Digest · Friday, November 20, 2009

The Foundation
"The natural progress of things is for liberty to yield and government to gain ground." --Thomas Jefferson

Government & Politics
Health Care Cost Nightmare

Harry Reid claims his 2,000-page bill will reduce the deficit. He's quite the comedian.It's an accepted fact that no government program comes in on budget, and this maxim likely won't change with the health care legislation that recently passed the House. Republican analysis of the bill in the Senate Budget Committee reveals that a more realistic price tag for the House version, after the benefit provisions are figured in, comes to $3 trillion over 10 years, not $1 trillion as Democrats claim. The disparity comes from the fact that the taxes and fees meant to pay for the bill occur immediately, while major aspects of "reform" won't be implemented until at least 2013. Thus, the true cost of the plan won't reveal itself until well after the current president has stood for re-election.

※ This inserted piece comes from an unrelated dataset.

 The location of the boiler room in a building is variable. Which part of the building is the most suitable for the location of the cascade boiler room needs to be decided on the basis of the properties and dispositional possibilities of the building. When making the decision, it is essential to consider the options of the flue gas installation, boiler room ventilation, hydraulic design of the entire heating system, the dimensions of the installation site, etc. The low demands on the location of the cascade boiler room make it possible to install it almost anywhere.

Despite Speaker Nancy Pelosi's (D-CA) assurances that the bill will lower health care costs, another report released this week by the nonpartisan Centers for Medicare & Medicaid Services found that the House plan would actually raise costs by $289 billion over 10 years. Furthermore, Medicare would be cut by half a trillion dollars, leading to reduced benefits and services.

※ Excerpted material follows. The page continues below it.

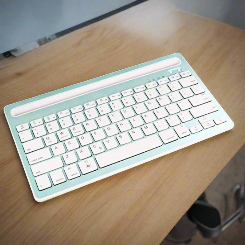 This Bluetooth keyboard lets you easily connect multiple devices and switch between them with just one keyboard. Compatible with iOS, Android, and Windows systems, it's the perfect all-in-one solution. Made with durable ABS plastics, it has a rechargeable battery that lasts up to 12 hours. Comes with a charging cable, built-in stand, and is available in various colors.

On that note, Senate Majority Leader Harry Reid (D-NV) and Health, Education, Labor and Pensions Committee Chairman Tom Harkin (D-IA) introduced the Senate's 2,074-page, $849 billion version of the health care takeover plan. Reid has laid out an ambitious plan to pass HarryCare by Christmas.

The Senate bill clocks in a tad cheaper than the House version in part because many major provisions, such as the public option, would be delayed until 2014 -- one year later than the House bill. Reid also claims the bill will reduce the federal deficit by $650 billion in its second 10 years. A 2,000-page bill will reduce the deficit? That Reid is quite the comedian. Besides, while the Congressional Budget Office says the bill will reduce the deficit by $130 billion over 10 years, CBO cautions that its effect on the deficit over the following decade would be "subject to substantial uncertainty." That's comforting, isn't it?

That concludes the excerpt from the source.